[agustinvo]

Hello

my question is referred to the triggering of turbulence in LES and DNS in natural convection.

It is widely studied how to trigger it in forced convection (like sinthetic turbulence, providing momemtum sources, buoyancy terms...), but I would like to know if those methods are valid too for natural convection, or if there are other methods to do that.

In my case, I have a natural boundary layer. Turbulence is expected to develop by itself, but it seems it take so much time. I am imposing a fixed heat flux in the wall.

Thanks for your attention!

Agustin

[FMDenaro]

Quote:

Originally Posted by agustinvo

Hello

my question is referred to the triggering of turbulence in LES and DNS in natural convection.

It is widely studied how to trigger it in forced convection (like sinthetic turbulence, providing momemtum sources, buoyancy terms...), but I would like to know if those methods are valid too for natural convection, or if there are other methods to do that.

In my case, I have a natural boundary layer. Turbulence is expected to develop by itself, but it seems it take so much time. I am imposing a fixed heat flux in the wall.

Thanks for your attention!

Agustin

have you tried to superimpose a noise to the initial condition?

[agustinvo]

Quote:

Originally Posted by FMDenaro

have you tried to superimpose a noise to the initial condition?

I

I tried before, but since my incoming flow has a constant temperature, it dissapear quickly. However, I can try to play a bit with it.

I was thinking to use a fluctuating heat flux q_w(t) in the wall. At the end of one period, the given heat should be the same, and I start provoking fluctuations close to the wall. Up to know, in 2D and fixed value of q_w it appears a fluctuation, but when I go for a 3D, a beautiful laminar profile appear, so I don't know how to make it turbulent.

Thanks for your interest!

[FMDenaro]

Quote:

Originally Posted by agustinvo

I

I tried before, but since my incoming flow has a constant temperature, it dissapear quickly. However, I can try to play a bit with it.

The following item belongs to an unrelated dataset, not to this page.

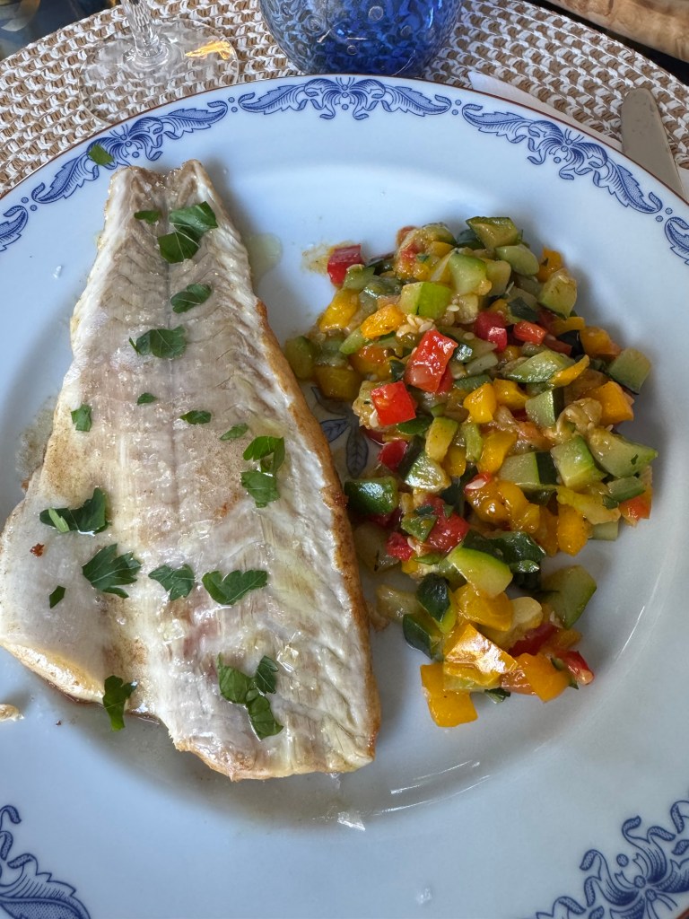Här serveras den smörstekta fisken med lite olivolja, bladpersilja och salt och med en sido servering av sörstekta och lättsaltade hackade grönsaker.

I was thinking to use a fluctuating heat flux q_w(t) in the wall. At the end of one period, the given heat should be the same, and I start provoking fluctuations close to the wall. Up to know, in 2D and fixed value of q_w it appears a fluctuation, but when I go for a 3D, a beautiful laminar profile appear, so I don't know how to make it turbulent.

Thanks for your interest!

you should superimpose a disturbance to the initial velocity field and let the BC.s unchanged... if the flow solution dumps the disturbance, it is likely you have too much dissipation (numerical or due to the SGS modelling)

[agustinvo]

Quote:

Originally Posted by FMDenaro

you should superimpose a disturbance to the initial velocity field and let the BC.s unchanged... if the flow solution dumps the disturbance, it is likely you have too much dissipation (numerical or due to the SGS modelling)

Thanks! Should I add a disturbance in my temperature field too (since it is a buoyant driven flow)?

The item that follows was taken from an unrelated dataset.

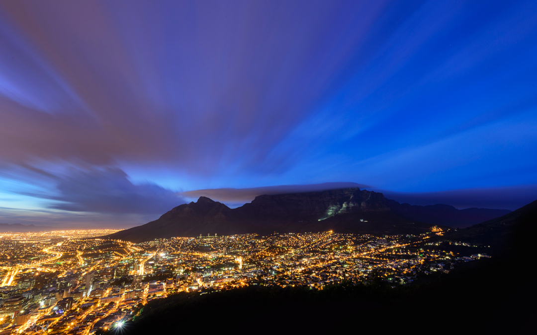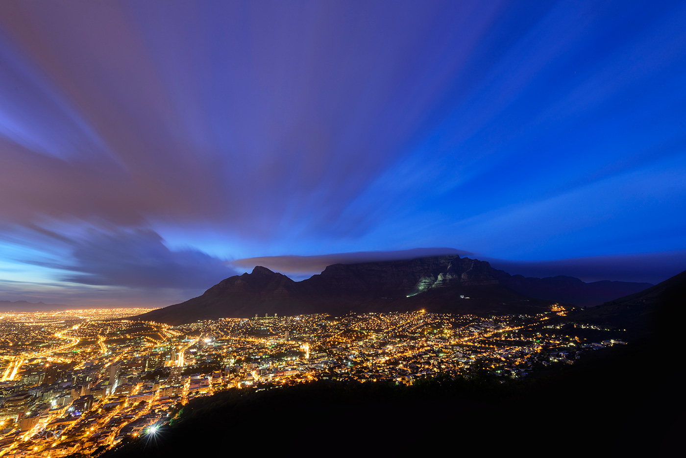 Table Mountain, beautiful photo, night, twilight, colourful, dramatic

I am using a second order upwind for my divergence schemes, but I can move to a centered scheme, if my Peclet is not so big. This is the cause of a big dissipation, isn't it?

[davidwilcox]

Just be careful. Adding random signals would mean not satisfying the Navier stokes

[FMDenaro]

Quote:

Originally Posted by davidwilcox

Just be careful. Adding random signals would mean not satisfying the Navier stokes

yes, this issue is true but:
1) the noise has a very small amplitude
2) at t=0 you compute the pressure equation with a source term that take into account the perturbed field in order to get pressure gradients that ensure the divergence-free constraint.

[davidwilcox]

How about putting point vortices at the inlet? By incorporating the Biot-Savart law, there will be an induction of velocities and you will get your fluctuations

[FMDenaro]

Quote:

Originally Posted by davidwilcox

How about putting point vortices at the inlet? By incorporating the Biot-Savart law, there will be an induction of velocities and you will get your fluctuations

This would cause problems... The perturbation has just the goal to force the onset of the turbulence, but it is a numerical perturbation (has not correlations like in real turbulence) therefore the flow solution must lose memory of the initial perturbation. Usually, before to get a physical developed turbulence the code must run for some time in order to eliminate any trace of the initial condition.